I’ve driven in the rain without wipers, and I won’t forget the experience. The wiper rod failed on the way home from a trip to the city, arm out the window working it Fred Flintstone style… for 2 hours, anyway here’s the fix.
Front wipers work on a separate wiring circuit to the rear wiper. Common front wiper problems include:
- Blown fuse
- Faulty relay
- Faulty Switch
- Faulty motor
- Faulty wiring
- Faulty Control module
By the end of this post, you’ll understand how to diagnose all the most common causes of an inoperable front wiper. You’ll also learn what you can do to fix it.
Wiper System Overview
Your wiper system is a very important kit that you rely on for your safety, especially in the winter and that’s usually when they cause the most trouble. As you now know, your front wiper system works independently to the rear, they are not connected in any way other than they may share control from the same driver stalk switch.
I won’t go too deep into how your wipers work, but a working knowledge of how the system operates will help your diagnosis journey. Your car’s wiper system has evolved along with car technology. Wiper systems are no longer hard-wired; they are like most electrical components on your car, controlled by a control module (computer).

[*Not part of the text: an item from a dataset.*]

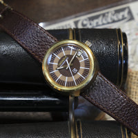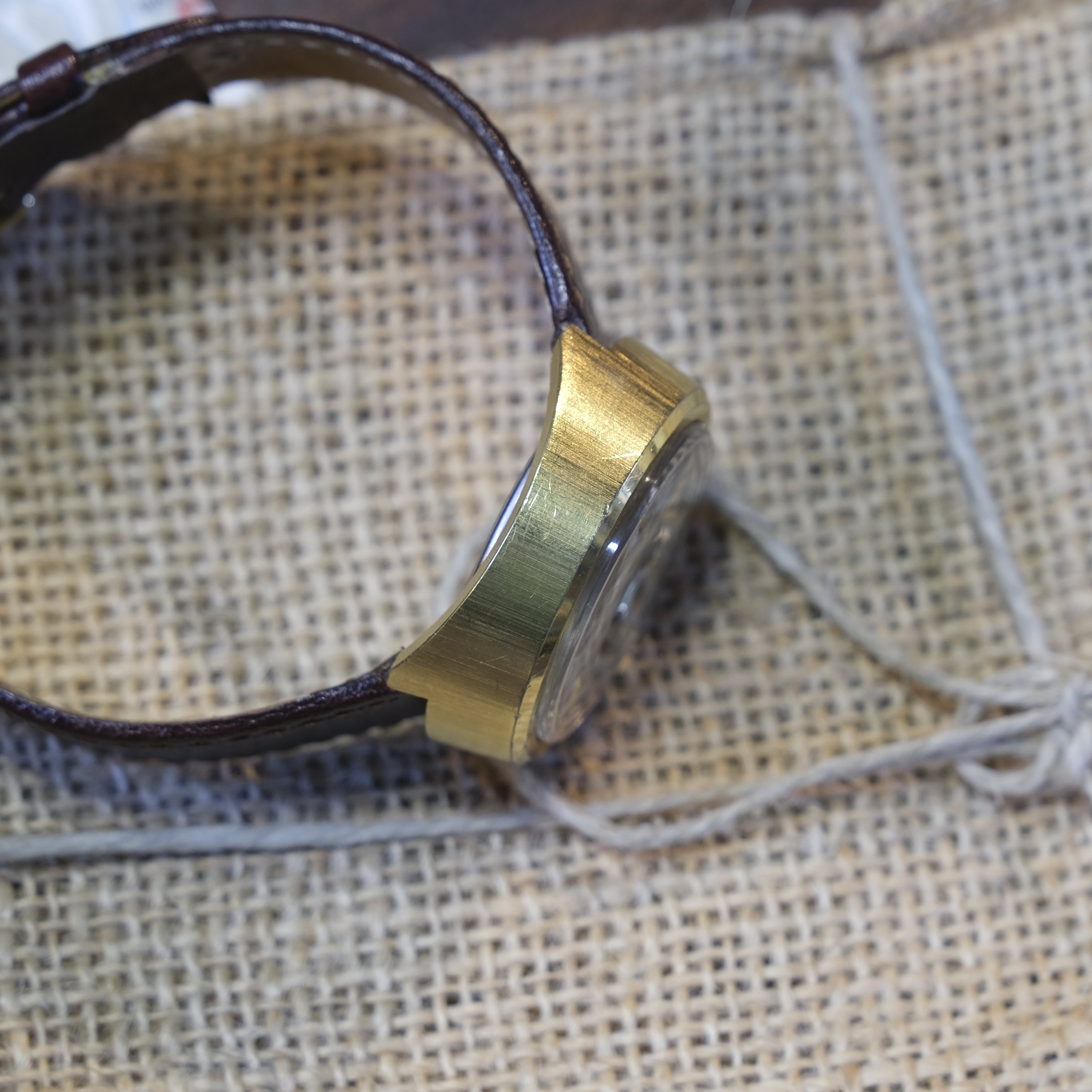 Não parece à primeira vista mas de facto este relógio é um "drivers" watch tendo sido desenhado para ser usado lateralmente no pulso.

This has facilitated advancements such as auto wipers, which employ rain sensors to detect windshield moisture. These advances have made the system more complex and at the same time in theory, easier to diagnose.
When the computer tasked with controlling your wipers detects a problem, it sets a unique code that indicates the type of fault identified. The technician scans the vehicle, reads the codes, checks the database for known problems or recalls, and sets about verifying the fault reported.

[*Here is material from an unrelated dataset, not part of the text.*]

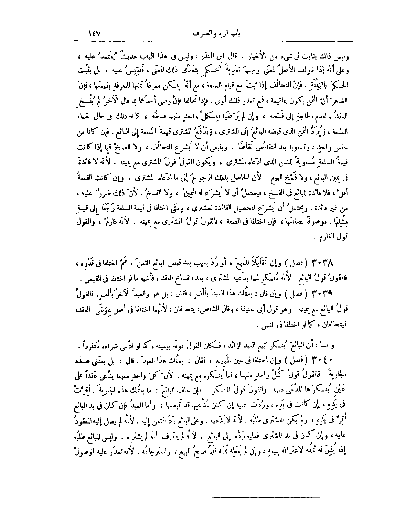 قَالَ ابْنُ الْمُنْذِرِ وَلَيْسَ فِي هَذَا الْبَابِ حَدِيثٌ يُعْتَمَدُ عَلَيْهِ. وَعَلَى أَنَّهُ إذَا خُولِفَ الْأَصْلُ لِمَعْنًى، وَجَبَ تَعْدِيَةُ الْحُكْمِ بِتَعَدِّي ذَلِكَ الْمَعْنَى، فَنَقِيسُ عَلَيْهِ بَلْ يَثْبُتُ الْحُكْمُ بِالْبَيِّنَةِ فَإِنَّ التَّحَالُفَ إذَا ثَبَتَ مَعَ قِيَامِ السِّلْعَةِ مَعَ أَنَّهُ يُمْكِنُ مَعْرِفَةُ ثَمَنِهَا لِلْمَعْرِفَةِ بِقِيمَتِهَا، فَإِنَّ الظَّاهِرَ أَنَّ الثَّمَنَ يَكُونُ بِالْقِيمَةِ، فَمَعَ تَعَذُّرِ ذَلِكَ أَوْلَى.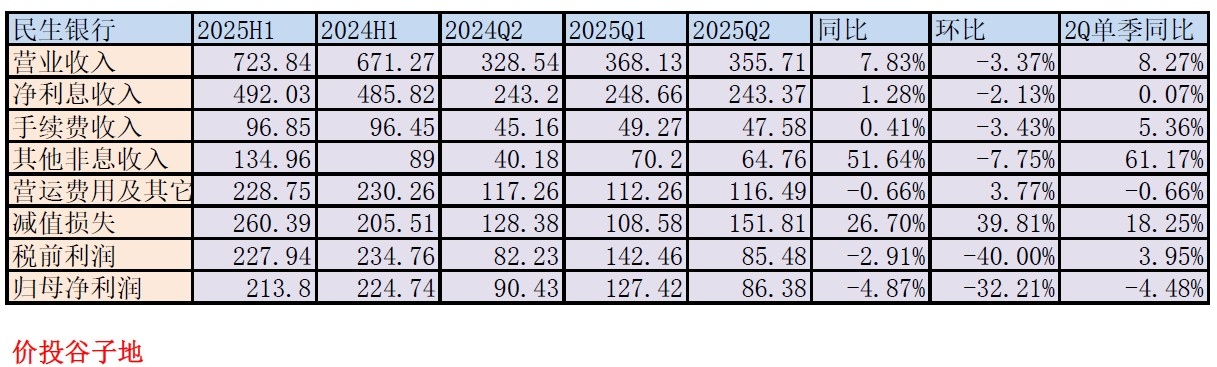 民生银行的营收增长主要受益于债券牛市带来的其他非息收入同比大幅增长。但是,民生银行并没有将营收的增长转化为净利润的增长,而是加大了信用减值计提的力度。对此,个人理解是为了应对今年上半年不良生成的反弹,算是一种补课行为。相比于民生银行在不良认定和风险抵补上欠缺的课,多提这些减值只能算是杯水车薪。

Fault codes help a ton when fault finding; however, the level of detail is usually proportional to the spec level of the car.
It’s therefore not uncommon to have a problem with the wipers or other components and the computer not set a code at all. This is where the control module is no longer helpful and becomes an obstacle to diagnoses.
A basic wiper system comprises of:
- Wiper assembly (superstructure and wiper arms and blades)
- Wiper motor
- Relays (commonly 2)
- Fuses
- Wiper control modules
- Wiper switch
How Does It Work?
Here’s a brief outline of operation flow:
- Wipers turned on at the steering wheel and signal a is sent to the wiper control module
- Control module receives the request and processes. An output is sent to the wiper on/off relay
- On/off relay receives the output (could be ground or power, ground is now more common)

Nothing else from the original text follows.